Sources said Green was frustrated by what he considered Eisner’s overemphasis on extracting profits from the parks and loss of interest in further expansions. Green, who had reported to Eisner for 11 years, also was said to be tired of Eisner’s tendency to play executives against one another--in the words of one insider, “a Darwinian game of survival of the fittest.”

Eisner Downplays List of Departures

Eisner has said in previous interviews that the media make too much of Disney departures, arguing that “there’s less to this than meets the eye.” He said the company does not have unusually large turnover for its size and that those who left did so for the chance to run or buy into major companies.

In an interview, Green said he was proud to have revitalized Disney’s parks, nearly tripling their annual profit to $1.45 billion over eight years. He said he had accomplished his goal of expanding operations in Anaheim, Paris, Tokyo and Florida.

The attractions division posted double-digit growth in revenue and profit for five years straight.
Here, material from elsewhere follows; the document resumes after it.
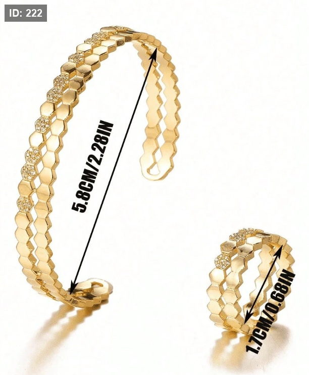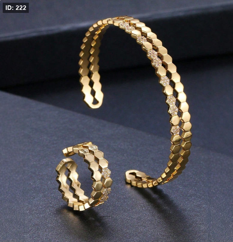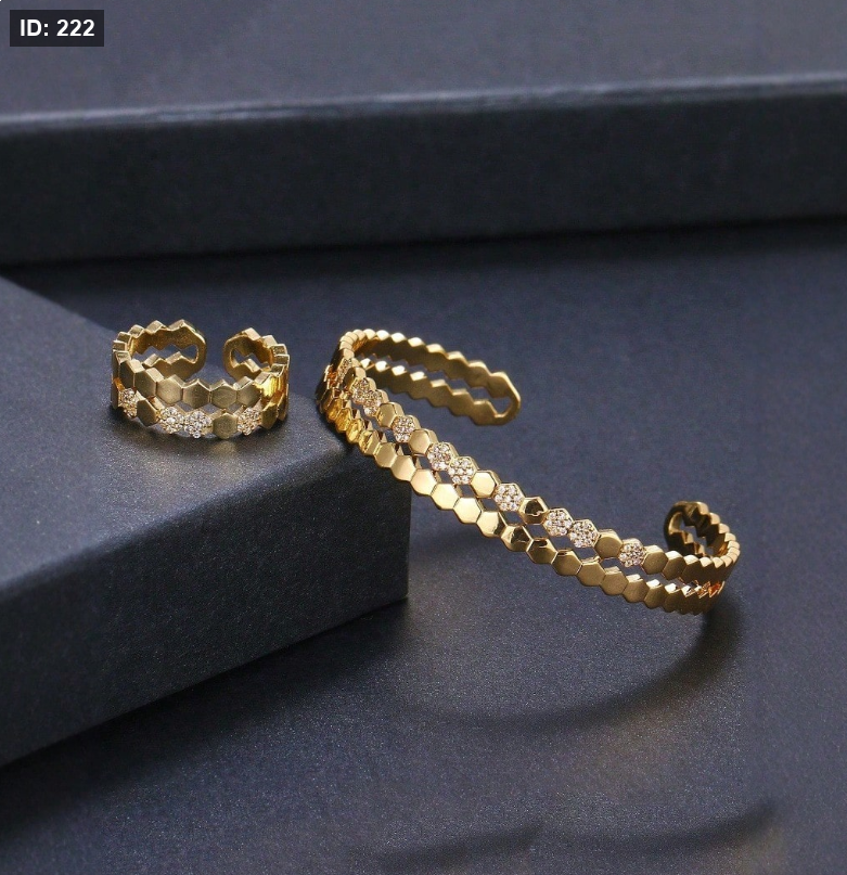 طقم سوار و خاتم من طراز كلاسيكي بلمسات نحاسية اللون مزخرف بالزركونيا المكعبة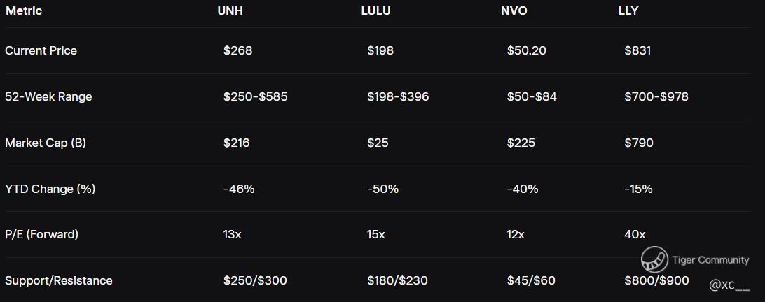 Buffett’s UNH bet at $314 (now $268) invites a buy, while LULU, NVO, and LLY offer dip plays if support holds.

In the past two years, while Disney’s stock price languished and many divisions faltered, operating profit at the parks rose 27% while studio profits tumbled 89%, to $116 million.

When Green took on a strategic role as chairman of Walt Disney Attractions in December 1998, the company called him “a driving force behind the recent expansion of Walt Disney World as well as the current expansions of Disneyland and Tokyo Disneyland.”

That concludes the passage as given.